Emerging growth company o
If an emerging growth company, indicate by check mark if the registrant has elected not to use the extended transition period for complying with any new or revised financial accounting standards provided pursuant to Section 13(a) of the Exchange Act. o
ITEM 8.01. OTHER EVENTS.
On April 1, 2019, STAG Industrial, Inc. (the Company) and its operating partnership, STAG Industrial Operating Partnership, L.P., entered into an underwriting agreement (the Underwriting Agreement) with Merrill Lynch, Pierce, Fenner & Smith Incorporated and Wells Fargo Securities, LLC, relating to the issuance and sale of 7,475,000 shares (including 975,000 shares issued pursuant to the underwriters option to purchase additional shares) of the Companys common stock, par value $0.01 per share (the Common Stock), at a price to the underwriters of $28.72 per share. The offering closed on April 4, 2019.
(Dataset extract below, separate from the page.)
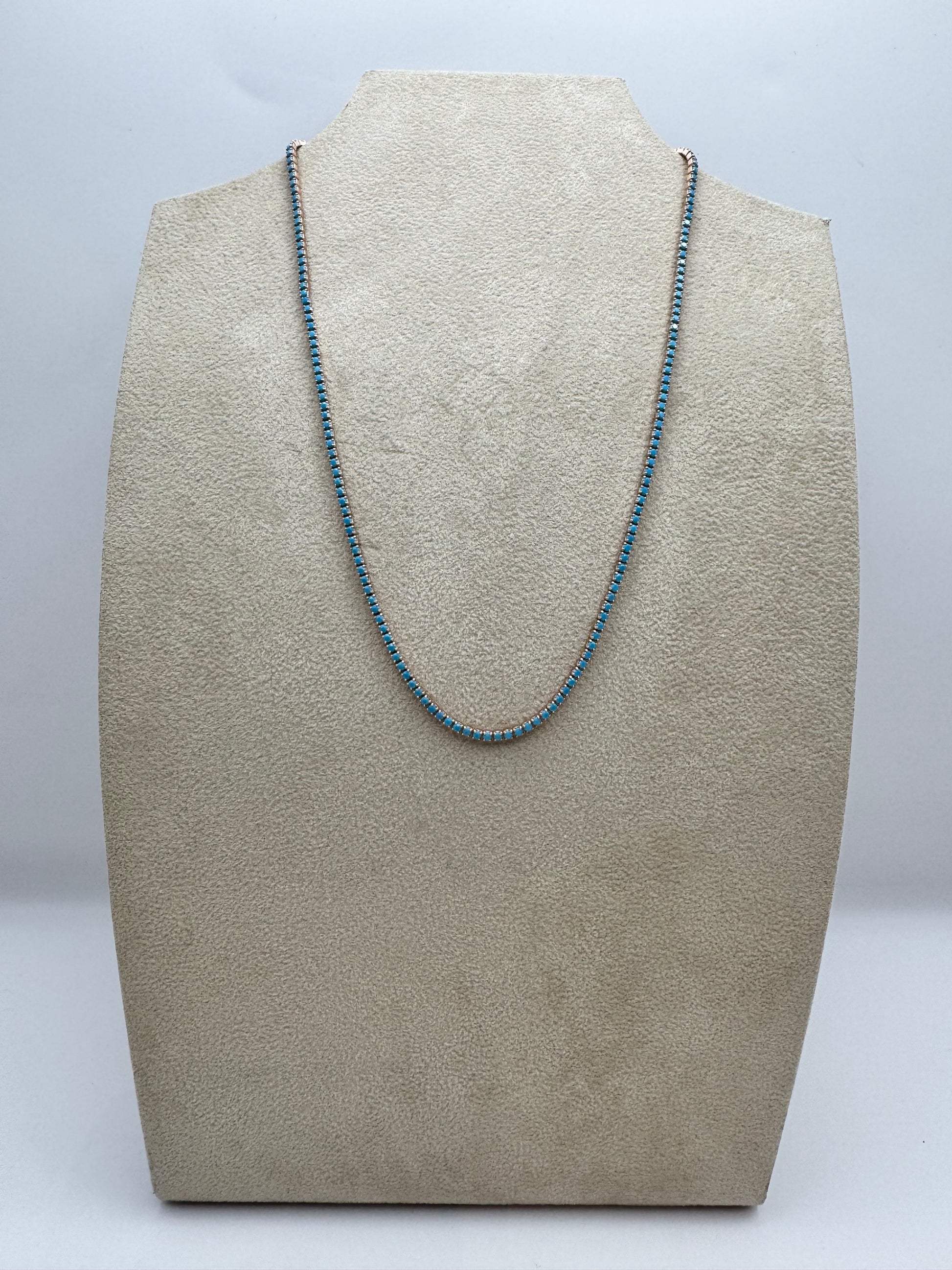 Collana Tennis in Argento 925 Oro Rosa e Zirconi azzurri.

The Common Stock issued and sold pursuant to the Underwriting Agreement has been registered on the Companys registration statement on Form S-3 (File No. 333-229661), which became effective upon filing with the Securities and Exchange Commission on February 13, 2019, and a prospectus supplement dated April 1, 2019.
The foregoing description of the Underwriting Agreement is qualified in its entirety by reference to the Underwriting Agreement, a copy of which is filed as Exhibit 1.1 to this Current Report on Form 8-K and incorporated herein by reference.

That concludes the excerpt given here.